Toelichting artikel 2

Artikel 2 lid 1: het gaat om het geven van financieel-technisch advies. Er is geen sprake van politieke standpunten die leiden tot een meerderheid zoals gebeurt in bijvoorbeeld een Algemene commissie van advies.

 

Artikel 2 lid 2. De opgesomde taken zijn benoemd om de opdracht aan de auditcommissie te verhelderen. In 2020 is gesproken over een verzwaring van de adviesfunctie van de auditcommissie. Dit is in dit artikel verwerkt. Zie hiervoor lid 2 onder c, d en e. Enkele taken blijven standaard en zijn jaarlijks terugkerend, zoals onderzoek van de Jaarrekening, en het afstemmingsoverleg met de accountant.

Het is aan de auditcommissie en de raad om te bepalen welke voorstellen vanuit de financiële functie de auditcommissie naast de cyclusdocumenten nog meer inhoudelijk kan behandelen. Logisch zou zijn dat b.v. een Controleverordening langs de commissie komt, en een verordening 212.

In lid 2 a en b is geregeld dat de auditcommissie voorbereidingen doet voor het werven en selecteren van een accountant. En dat de auditcommissie vervolgens ook het aanspreekpunt is voor de accountant voor de gesprekken betreffende de jaarlijkse controle van de jaarrekening.

Punt c gaat over de begroting, kadernota en jaarrekening als financiële instrumenten van de raad.

Bij het onderzoek van de begroting zal de auditcommissie zich richten op de financiële paragrafen, en een advies over het structureel en reëel begrotingsevenwicht waarop de raad dient toe te zien. Het onderzoek van de jaarrekening en overleg hierover met de accountant, leidt tot een advies over de getrouwheid en rechtmatigheid van de informatie in de jaarrekening. Dus of de cijfers in overeenstemming zijn met de werkelijkheid, en of uitgaven rechtmatig zijn gedaan. Dit is een technisch oordeel. De auditcommissie kan verder adviezen uitbrengen over de inrichting en kwaliteit van de financiële instrumenten. Met kwaliteit van informatie is bedoeld of de informatie zoals deze in begroting, kadernota en rekening wordt gepresenteerd, voldoende inzicht en houvast biedt voor kaderstelling en controle door de raad.

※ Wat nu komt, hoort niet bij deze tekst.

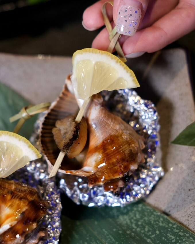 ▼海王螺貼心附上叉子直接取用,充滿嚼感的螺肉,搭配檸檬吃起來更有層次。
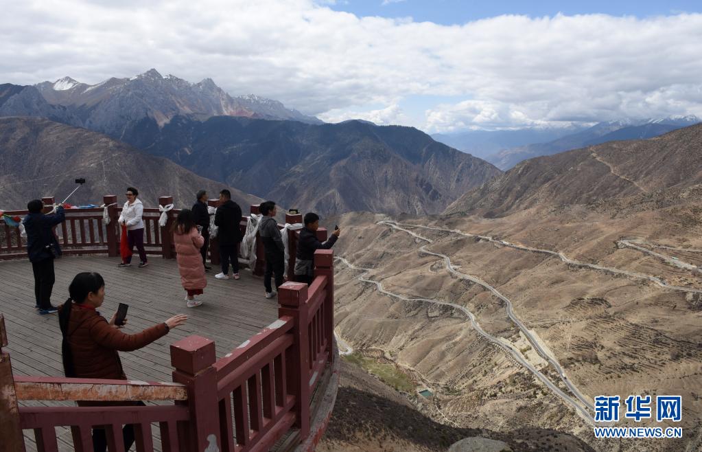 游客在觀景平臺(tái)眺望壯觀的怒江72道拐(5月3日攝)。新華社記者 陳燮 攝
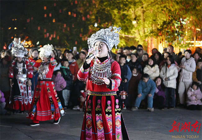 On the evening of February 11, an artist performed Miao folk songs. Chengbu Miao Autonomous County launched its Spring Festival celebrations at Nanhu Park on the same day. Featuring seven major themes including intangible cultural heritage, lantern displays, and parades, the events will offer residents a 20-day cultural feast. (Photo/Yan Qinlong)
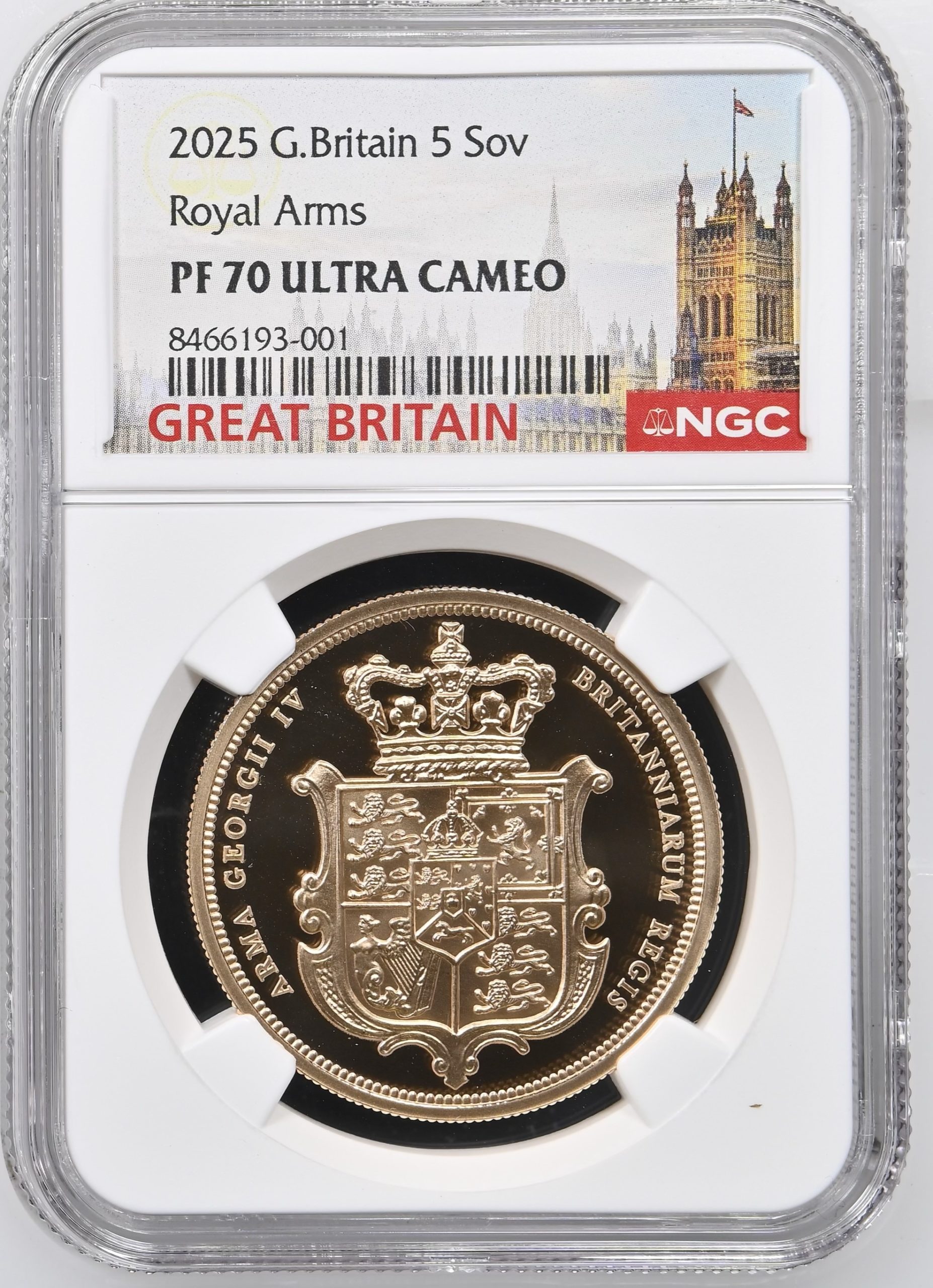 2025 Gold Proof Five Pounds Sovereign – Royal Arms – NGC Graded PF70 Ultra Cameo
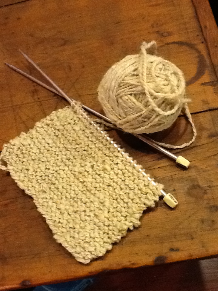 And I’m using the wool of the Jacob Sheep, an heirloom, small, piebald (white and black) sheep that boasts between four and six horns. (The biblical Jacob bred spotted and speckled sheep.) My un-died wool is handsome in a coarse way, spun the morning I bought it from her by the woman who raised the sheep. Plenty of slubs, and even some burrs.
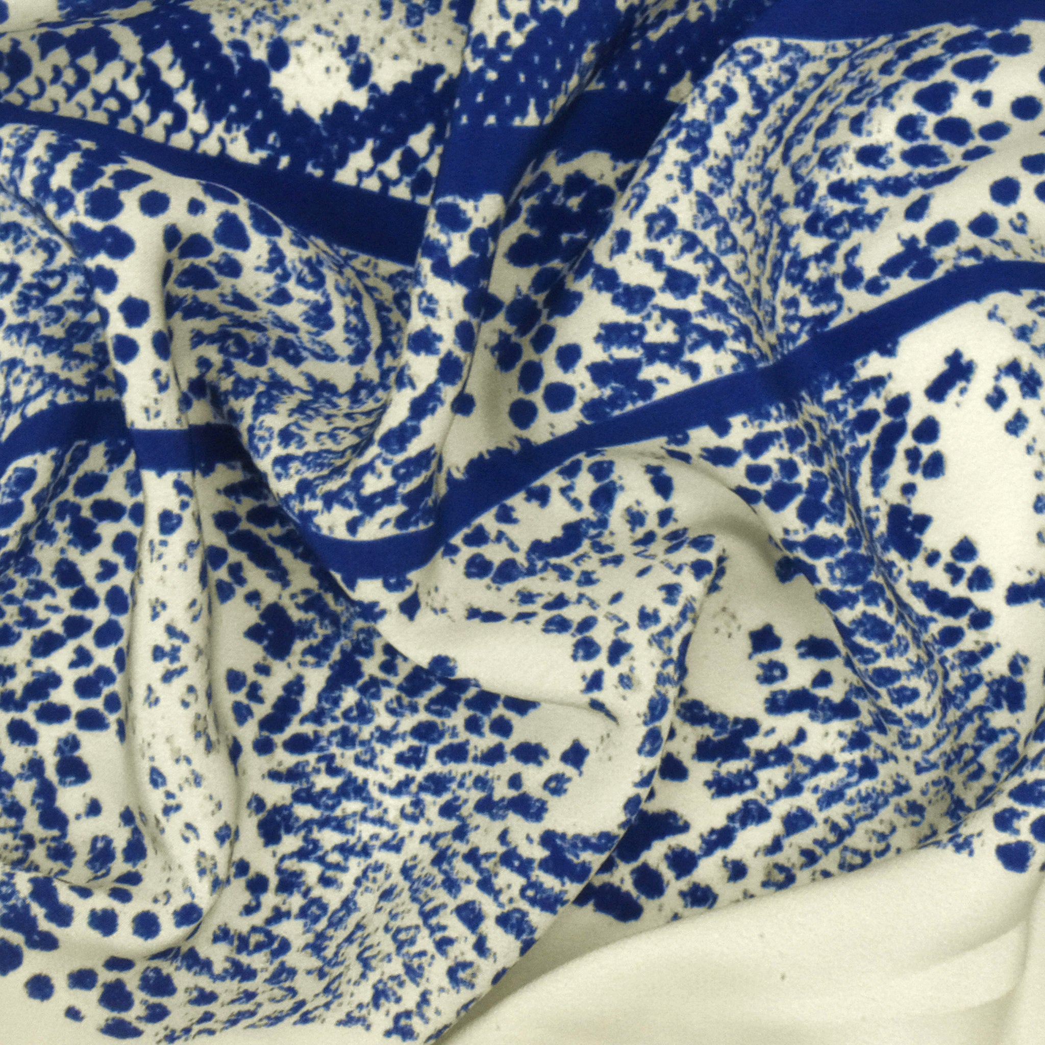 Antique Ivory-Blue Snake Border Panel Printed Silk Crepe De Chine Fabric
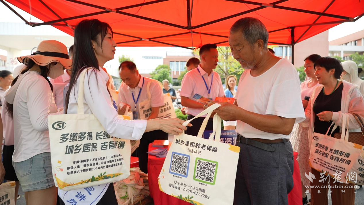本次活动覆盖潜江市东、南、西、北主要校区。校门口均设置了政策咨询台和宣传展架,工作人员佩戴绶带,开展一对一政策宣讲,重点回应群众关切的缴费方式、养老金待遇计算等问题,通过举例子为群众算好“养老账”。不少家长聚集在展台前认真阅读资料、互相讨论,现场气氛热烈。活动累计发放“小书包”2000余个,接受咨询700余人次。
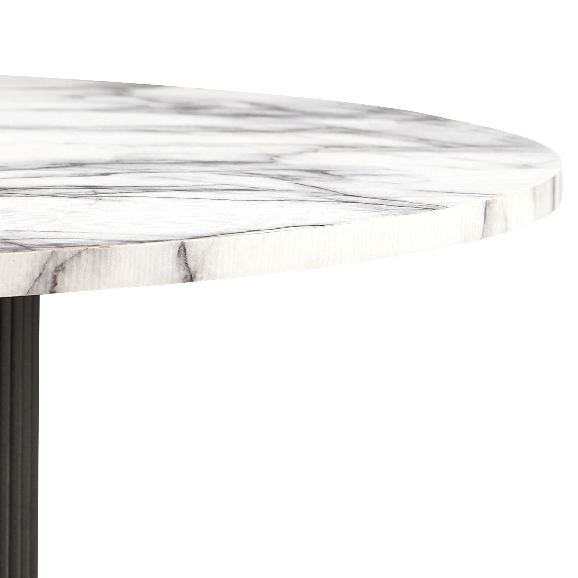 Imitation White Marble Grain MDF Tabletop 47 Inch Round Dining Table for 4The mid-century wood bottom and metal frame table is solid and stable, and the Roman column design appears more elegant. The special fixing design of the table legs can make the table more sturdy. Simple appearance, perfect integration of various modern homes, it is an ideal dining table choice for kitchen room.
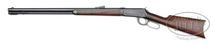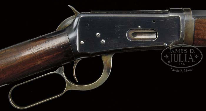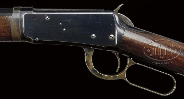 *WINCHESTER 1894 TAKEDOWN RIFLE. SN 267164. Cal. 32 Winchester Special. 26″ oct bbl with smokeless powder rear sight, and sporting front sight, full mag, crescent buttplate. CONDITION: Very good. 90% bbl and magazine tube blue with slight edgewear and a few very fine nicks. Receiver has 80-85% blue blending to patina on lower edges and front ring. Takedown collar has some blue blending with a smooth patina. Lever and hammer show 30-40% case coloring, crescent steel buttplate has traces of case coloring fading to a silver patina with spots of white corrosion. Sound stock and forearm with orig finish, showing oil darkening in the wrist area, numerous light to moderate scratches and handling marks are present. Mechanics are crisp, takedown is tight, bore is bright with sharp rifling. 4-42094 DS4 (2,500-4,000)
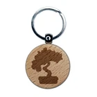 Bonsai Tree Solid Engraved Wood Round Keychain Tag Charm
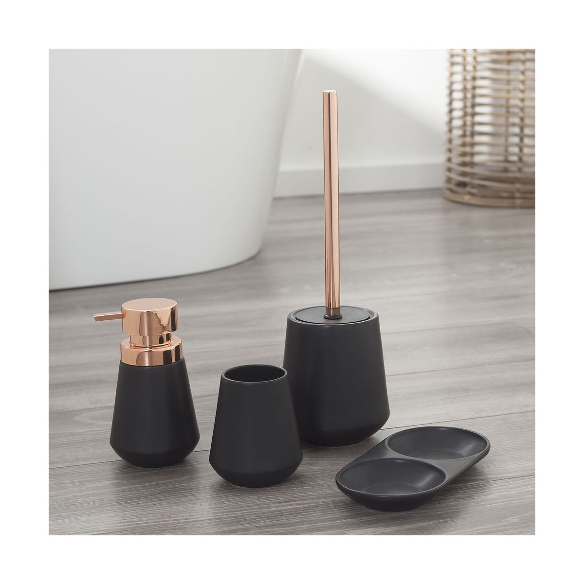 Die Serie Sealskin Conical hat eine moderne konische Form, die in Ihrem Badezimmer oder Ihrer Toilette ein echter Blickfang ist. Verleihen Sie Ihrem Badezimmer ein schönes und gepflegtes Aussehen, indem Sie den Seifenspender und den Becher auf das Tablett stellen.
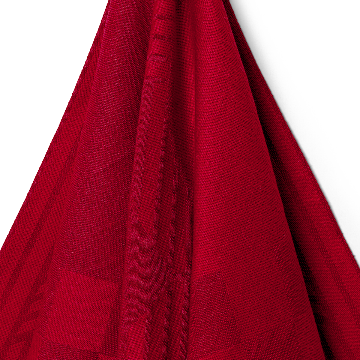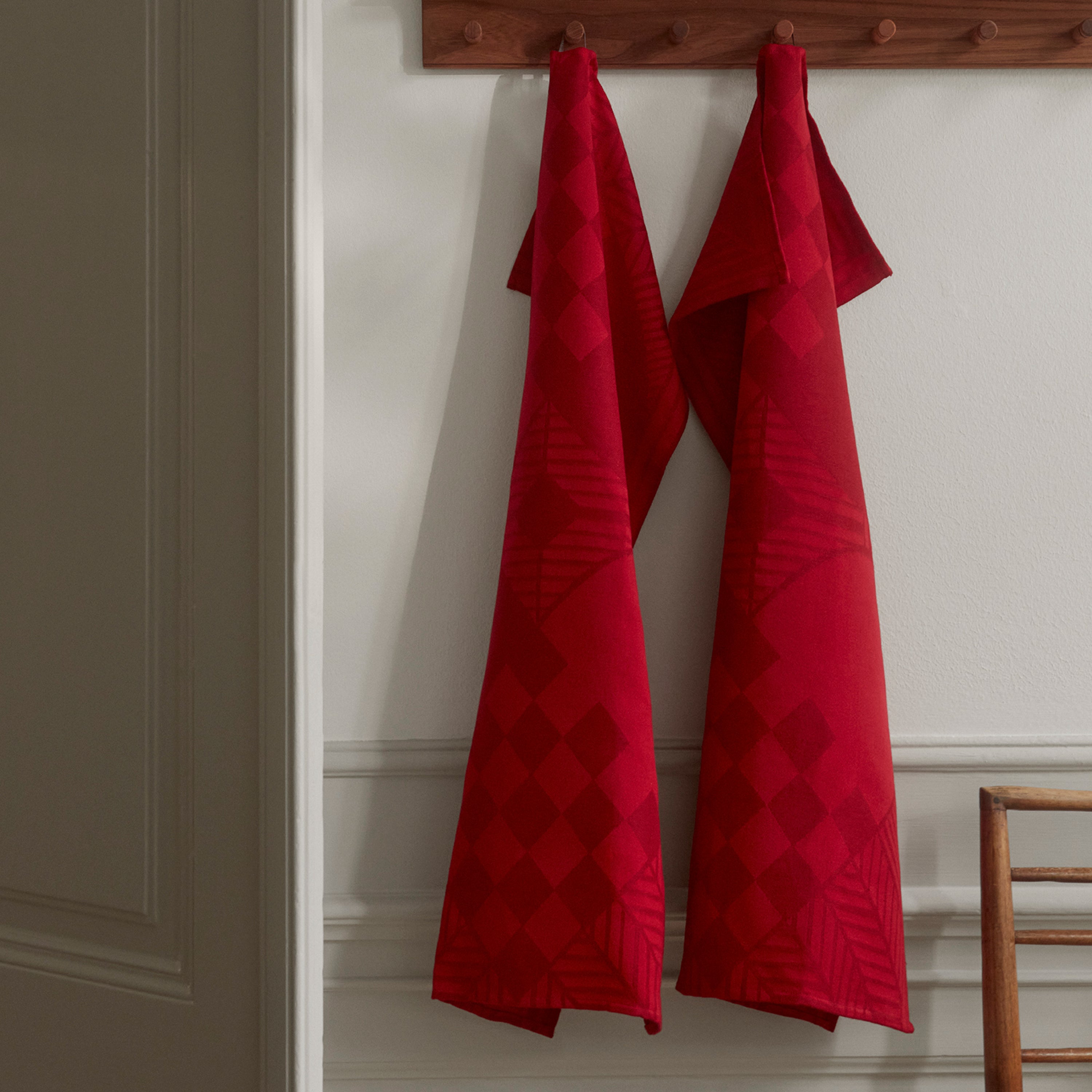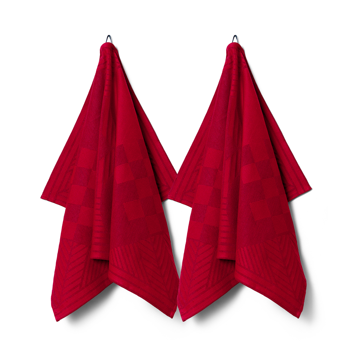 Den röda juldiskhandduken Deep Red med mönster av Bodil Bødtker-Næss är en favorit i Georg Jensens Damasks kollektion. Den är vävd i en blandning av linne och bomull som gör den praktisk att använda och snygg att ha framme i köket. Två juldiskhanddukar i ett set är den perfekta gå bort-presenten.
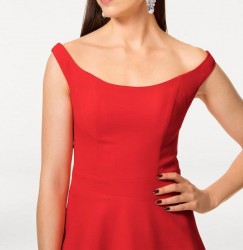 Krása od dizajnérskej ruky. Korzetové šaty so zvodnými detailami - vzrušujúci Carmen výstrih a nádherny zadný výstrih so šnurovaním. Vstavaná korzetová časť s integrovanými kosticami zaručuje dokonalé uchytenie kde nie je už potrebná podprsenka. Široká sukňa so spodničkou. Šikovný zips na boku. dĺžka cca 100 cm jemne padavá kvalita vyrobená zo 100% polyesteru, podšívka: 90% polyester / 10% spandex, podšívka zo sieťoviny: 100% polyester
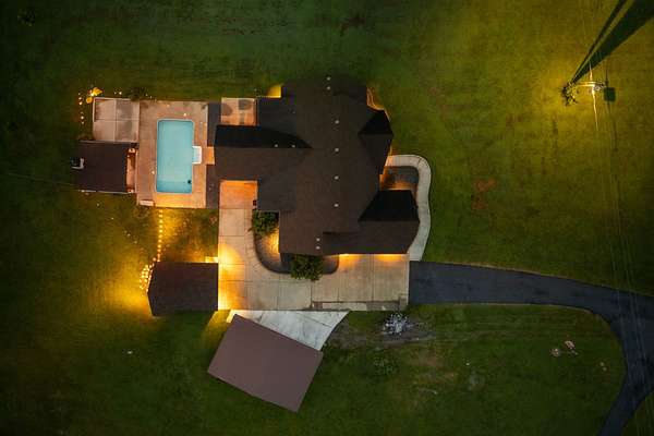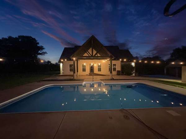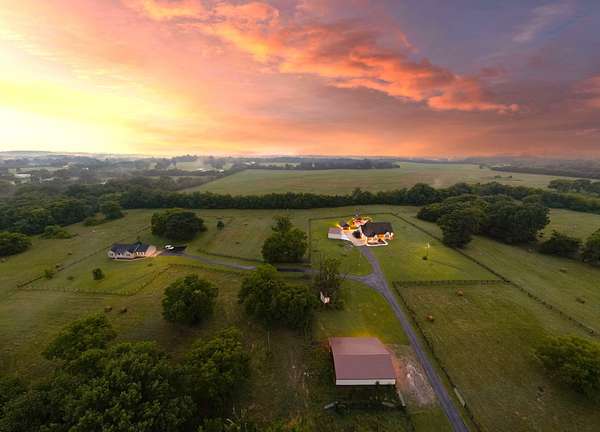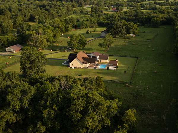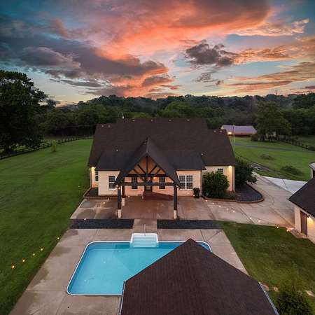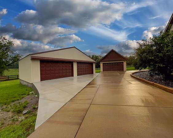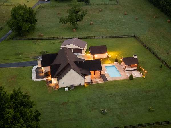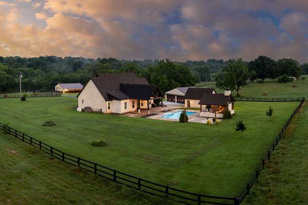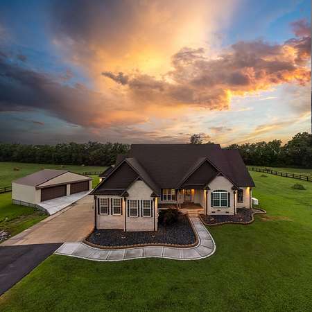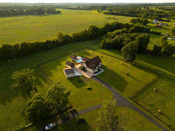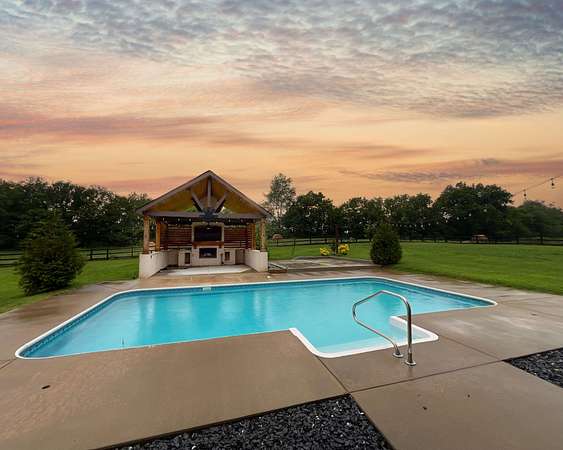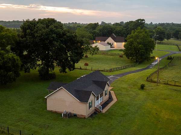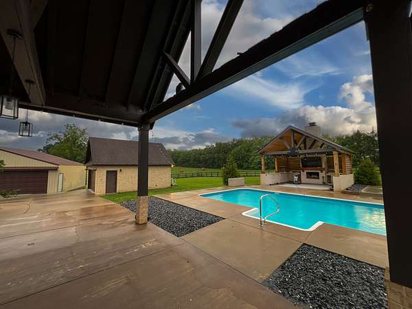 Discover a truly unique opportunity to own a multi-functional estate on 17.69 +/- fully fenced acres. This rare property features two separate homes, a versatile metal barn, and a host of outdoor amenities--perfect for multi-generational living, rental income, or creating your own private retreat. The main home is a spacious single-level residence offering 4 bedrooms and 3 full bathrooms, including a large bonus/family room ideal for gatherings or flexible living space. The open kitchen boasts quartz countertops, a stylish backsplash, and a gas range--with all appliances included. Additional features include a detached 2-car garage, natural gas with a tankless water heater, and access to a luxurious in-ground saltwater pool with a heater, paired with a custom outdoor pavilion--perfect for entertaining or relaxing in the privacy of your own backyard oasis. Brand new whole house generator for those unexpected moments! The second home, a well-maintained vinyl siding residence, offers 3 bedrooms, 2 bathrooms, and 1,324 square feet of comfortable living space, including its own 2-car garage. Ideal as a guest house, rental property, or extended family suite, it offers complete independence with separate utilities, septic system, and water tap. The metal barn on-site is equipped with electricity, water, and a gravel pad, ready to be customized as a workshop, horse barn, or hobby space to suit your needs. This property also benefits from Greenbelt enrollment, helping keep taxes low. Both homes are connected by a shared split driveway, yet fall under a single parcel, offering convenience with flexibility. Whether you're looking for space to grow, room to relax, or a smart investment, this one-of-a-kind property offers the perfect blend of function, comfort, and opportunity.

Punten d en e gaan over de toezichthoudende rol van de raad. Artikel 212 van de Gemeentewet schrijft voor dat de raad uitgangspunten vaststelt voor het financiële beleid, de financiële organisatie en het financieel beheer. Artikel 213a schrijft voor dat de raad regels vaststelt voor periodiek onderzoek door het College naar de doelmatigheid en doeltreffendheid van door het College gevoerd bestuur. Met het vaststellen van de Financiële Verordening is aan deze vereisten voldaan. De auditcommissie kan hierover desgewenst met het College in gesprek te gaan en de raad te adviseren over de bevindingen. Punt e geeft de auditcommissie een eigen rol in het doen van onderzoeken, die aanvullend zijn op onderzoeken van de RKC en de interne audits. Het gaat om financieel technische onderwerpen waar de auditcommissie van mening is dat zij de raad beter in positie kan brengen. Voorbeelden van adviezen van de auditcommissie op eigen gezag, uit het recente verleden, zijn geweest: hanteren van harde deadlines bij de (tijdige) aanlevering van cyclusdocumenten, kostendekkendheid leges, correcte toepassing van de stoplichtsystematiek in beleidsdocumenten.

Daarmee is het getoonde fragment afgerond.